C FIN INT INV (00721.HK) Plans HK$98.78 Million Fund-raising via Discounted Share Placement and Non-listed Warrants

Bulletin Express03-11

China Financial International Investments Limited (C FIN INT INV, 00721.HK) announced three capital-raising arrangements on 11 March 2026 after market close:

1. Specific-mandate share subscription • Phancy International Ltd. (a wholly-owned unit of AI firm Phancy Group, 6682.HK) will subscribe for 2.19 billion new shares at HK$0.04 each. • The price represents a 29.82% discount to the 11 March closing price of HK$0.057 and a 26.47% discount to the five-day average of HK$0.0544. • Post-issue, the subscriber will hold 16.67% of the enlarged share capital (assuming no other changes). • Gross proceeds: HK$87.77 million; net proceeds: HK$87.27 million.

2. Issuance of 2.50 billion unlisted warrants • Three subscribers will acquire warrants at HK$0.005 each: – Phancy International Ltd.: 1.60 billion units – Warrant Subscriber II (existing 18.23% shareholder Huang Shiying via controlled entities): 0.60 billion units – Warrant Subscriber III (associate of Subscriber II): 0.30 billion units • Exercise price: HK$0.058; effective issue price (issue plus exercise): HK$0.063, a 10.53% premium to the last close and 15.81% above the five-day average. • Upon full exercise, 2.50 billion new shares would be issued, equal to 15.97% of fully diluted share capital. • Gross proceeds on issue: HK$12.51 million; net proceeds: HK$11.51 million. Additional HK$145.09 million would be raised if all warrants are exercised.

3. Connected-transaction status • Warrant Subscriptions II and III constitute connected transactions under Chapter 14A as Subscriber II is a substantial shareholder (18.23%) and Subscriber III is his associate. Independent shareholders must approve these at a special general meeting (SGM). • Subscriber II and associates will abstain from voting.

Use of proceeds • First tranche (net HK$98.78 million): 85% earmarked for investments in financial and virtual assets; 15% for general working capital. • Second tranche (net HK$145.00 million upon full exercise): same allocation ratio.

Shareholding impact • Current issued shares: 10.97 billion. • After the subscription: 13.17 billion shares; public float falls to 68.14%. • After full warrant exercise: 15.67 billion shares; public float would be 57.26%.

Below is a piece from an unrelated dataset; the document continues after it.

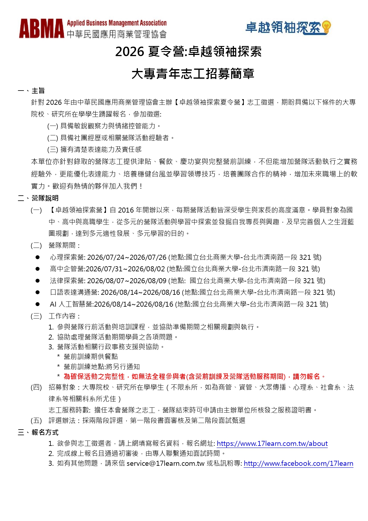 【2026夏令營:卓越領袖探索-大專青年志工招募簡章】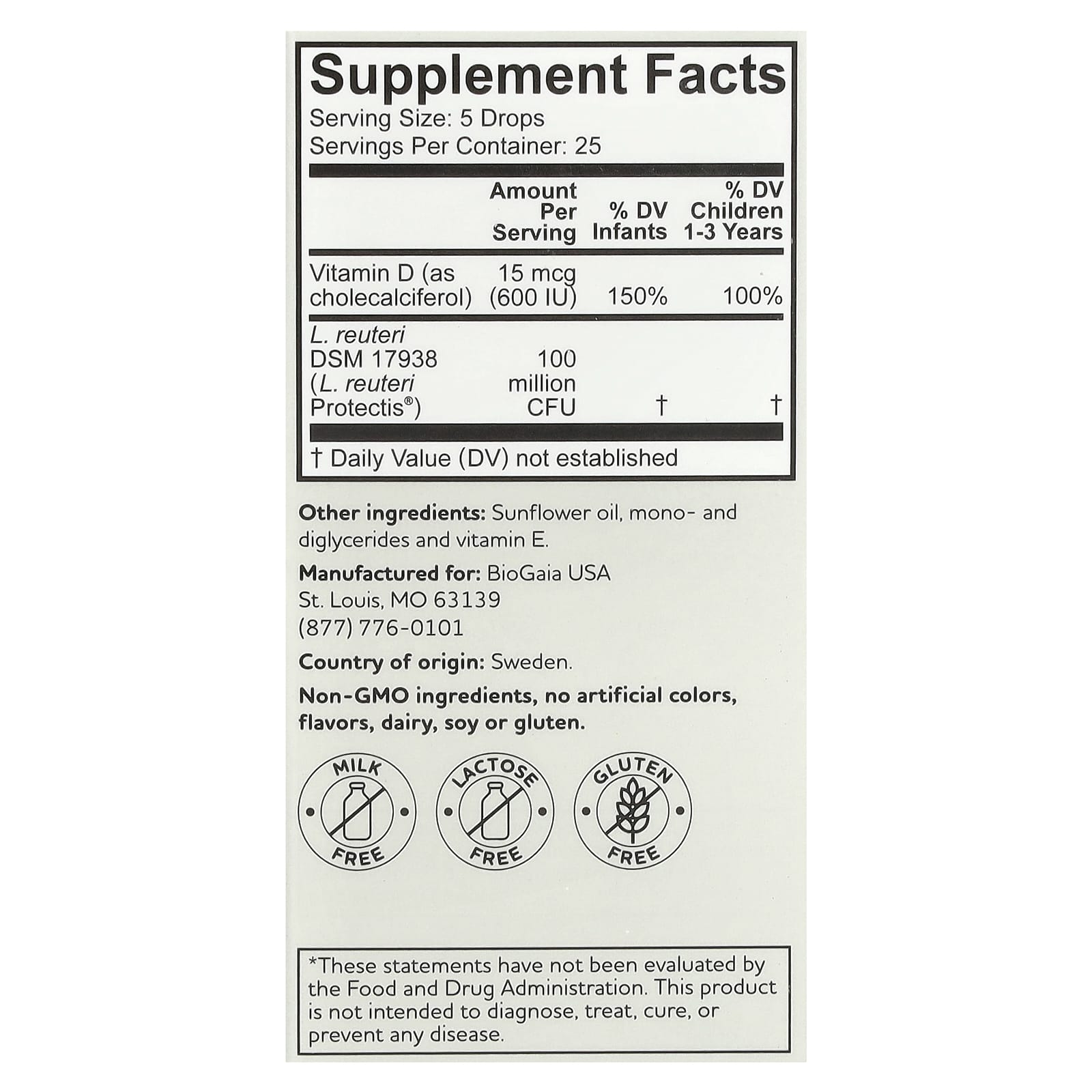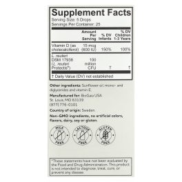 Gut & Immune HealthClinically Proven600 IU Vitamin D3Probiotic SupplementProbiotic Baby CareMilk FreeLactose FreeGluten FreeGroundbreaking Probiotics Driven By ScienceProbiotic Drops with Vitamin D3 BioGaia® Protectis® BABY drops Immune Active is a dietary supplement containing the patented probiotic Limosilactobacillus reuteri Protectis® (L. reuteri DSM 17938) and vitamin D3 that contributes to the normal function of the immune system.L. reuteri Protectis helps the good guys keep a natural balance in the gut and has been tested in more than 150 clinical trials and proven safe & effective for children.

Regulatory steps • Share and warrant issues require specific mandates, listing approval for underlying shares, and separate SGM resolutions. • An independent financial adviser will opine on the connected-party warrants.

The share subscription and Warrant Subscription I are inter-conditional; all transactions target completion by 12 June 2026, subject to customary conditions. Shareholders and potential investors are advised to exercise caution when dealing in the shares.